Найденов поежился и нервно посмотрел на часы – рев этой толпы, несмотря на ее немногочисленность, был страшен.
– Ну что за безобразие! – воскликнула в этот момент белокурая торговка недвижимостью и уперлась ему в глаза возмущенным взглядом.
В следующую секунду она, с грохотом отставив стул, поднялась, оказавшись довольно упитанной и массивной женщиной («Лиззи! – испуганно воскликнула товарка. – Бог с тобой, Лиззи!»), стремительно и размашисто прошла по террасе (обдало жарким ароматом косметики), миновала ступени, резко процокала по брусчатке и почти достигла цели, – каковой, как догадался Найденов, был мамелюкский майор, хмуро прохаживающийся метрах в десяти от столпления. Шагая, она уже стала что-то требовательно говорить, указывая зонтиком на толпу, как вдруг безногий, визгнув подшипниками по базальту, ловко развернулся и покатил ей наперерез. «Что?! Зашевелились?!» вскрикивал он, утробно хохоча; и еще что-то опять про фонари. Она заметила его маневр в последнюю секунду, однако недостаток времени был с лихвой возмещен быстротой реакции: размахнувшись, торговка с треском опустила длинный атласный зонт, угодив точно по макушке.

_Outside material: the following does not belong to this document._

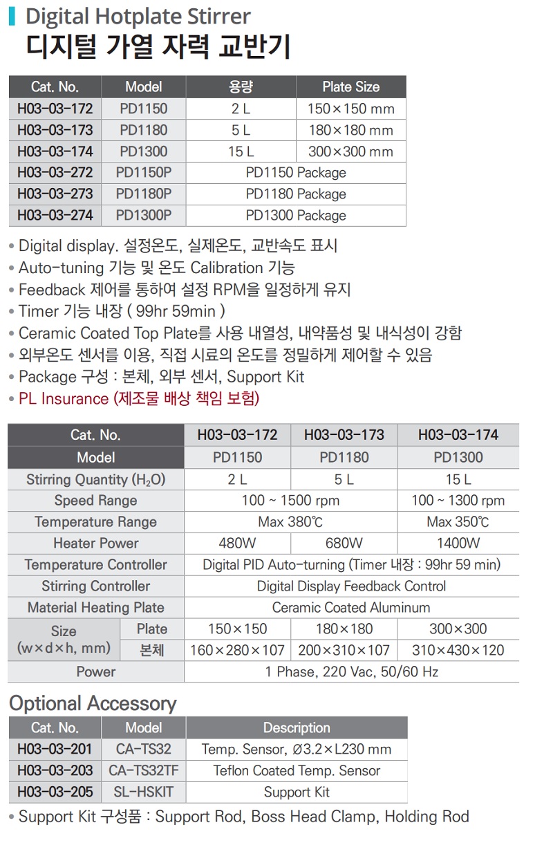 품명 ■ Digital display. 설정온도, 실제온도, 교반속도 표시 ■ Auto-tuning 기능 및 온도 Calibration 기능 ■ Feedback 제어를 통하여 설정 RPM을 일정하게 유지 ■ Timer 기능 내장 (99hr 59min) ■ Ceramic Coated Top Plate를 사용 내열성, 내약품성 및 내식성이 강함 ■ 외부온도 센서를 이용, 직접 시료의 온도를 정밀하게 제어할 수 있음 ■ Package 구성 : 본체, 외부 센서,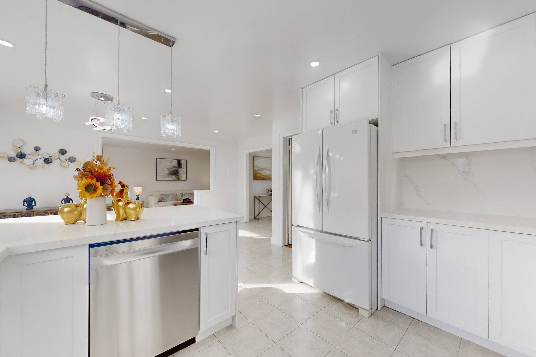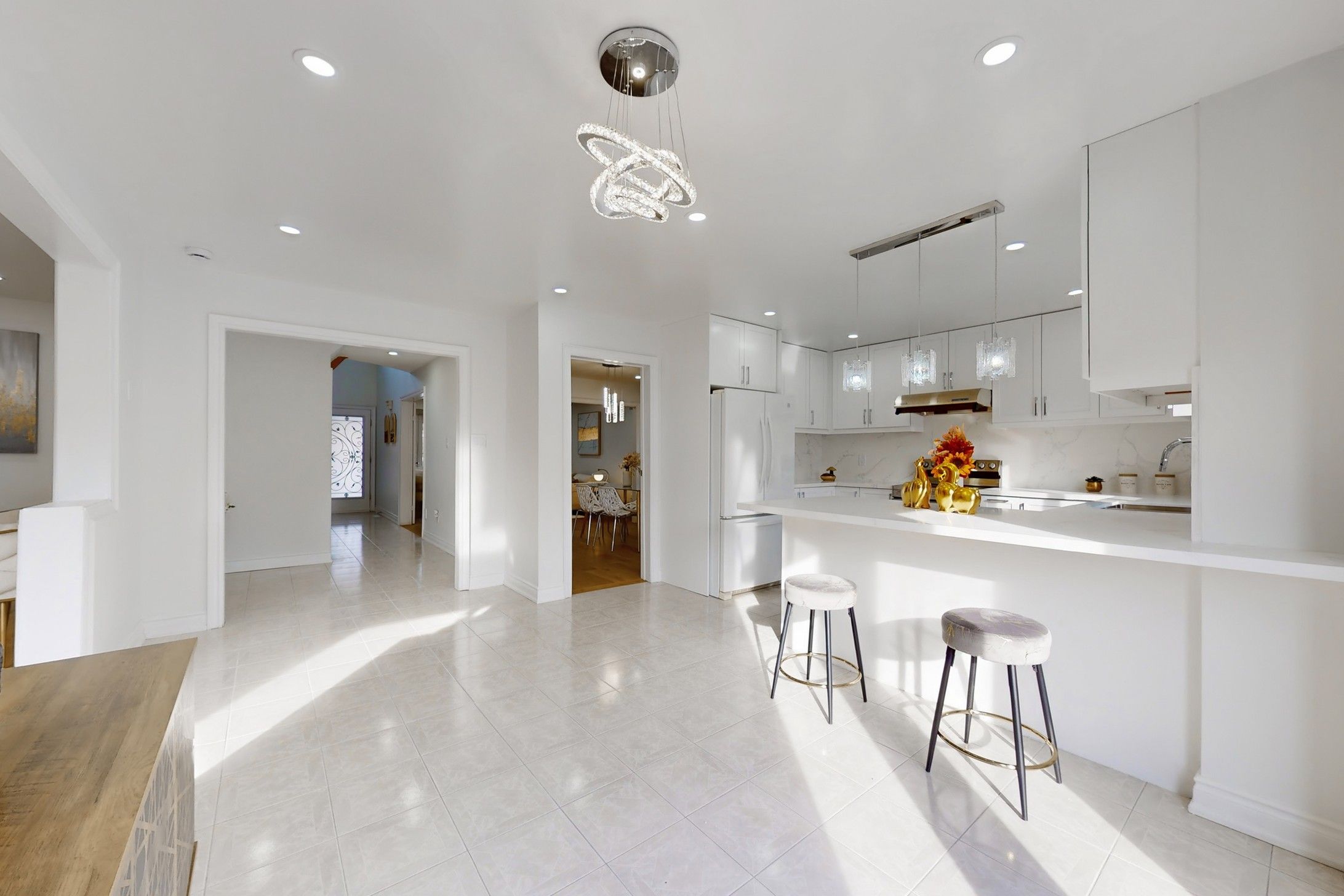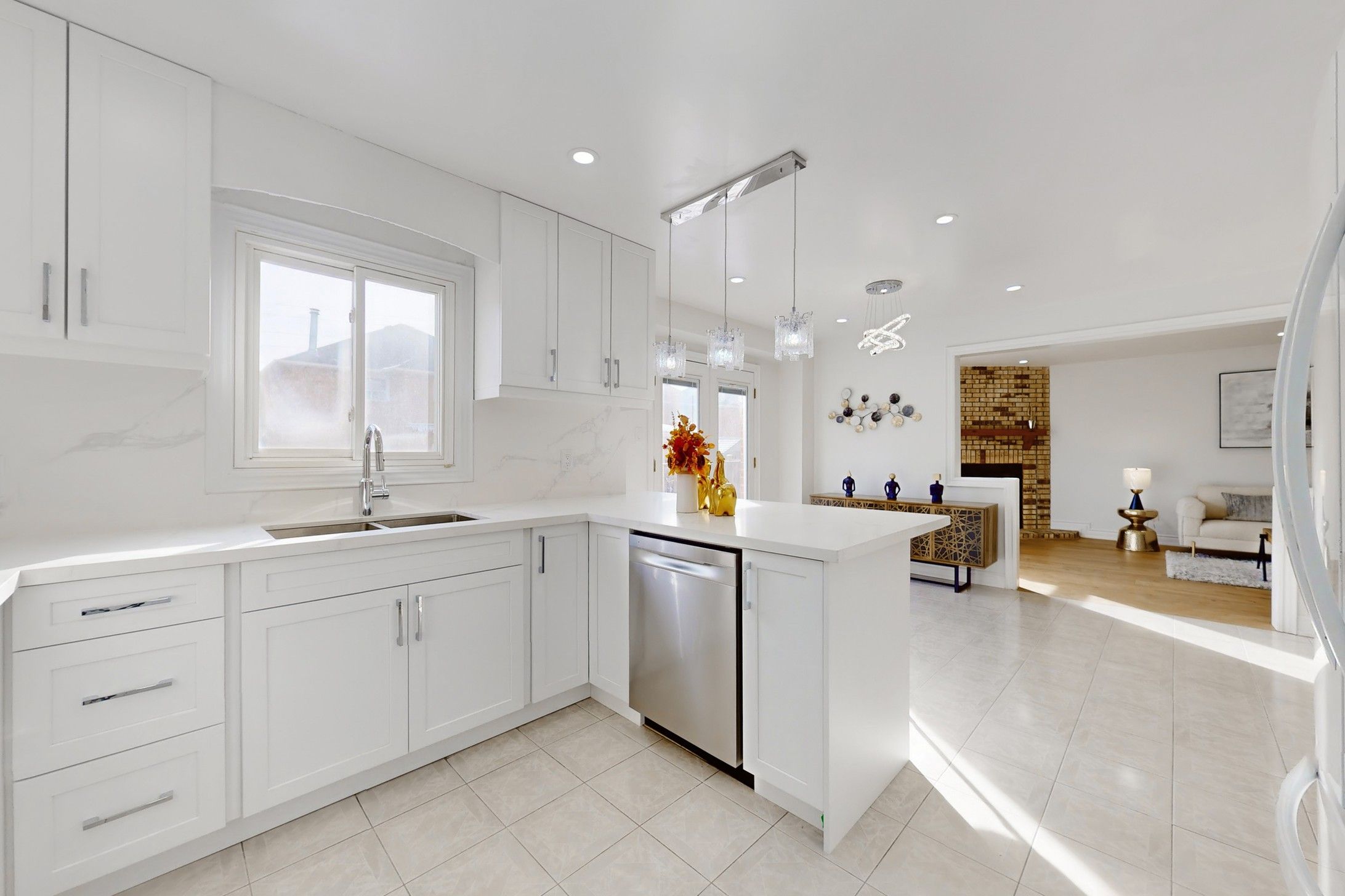 • Brand new kitchen and modern light fixtures for a fresh feel.

Безногий кувыркнулся кульком (коляска весело грохотнула еще метра на полтора) и матерно завопил, уперевшись руками в брусчатку. Толпа вздрогнула, зарычала и шатнулась. Женщина растерянно пятилась. Даже издали было видно, как побелели ее губы. Майор гаркнул и дал отмашку. Выставив искрящие дубинки, мамелюки сошлись в свинью.
Голопольск, четверг. Варяг
Небольшое тело памятника, стоящее на несоразмерном возвышении, казалось едва ли не детским. Протянутая вперед рука придавала ему прежде какую-то солидность, взрослость, значительность – ведь всякий указывающий, даже милиционер на перекрестке, внушает уважение уже самим данным ему правом указывать. Теперь же отломанная конечность неловко лежала внизу, придавив оранжевые и бурые листья. И лицо изваяния приняло обиженное, трогательное в своей беззащитности выражение.
– Черт возьми! – сказала Александра Васильевна.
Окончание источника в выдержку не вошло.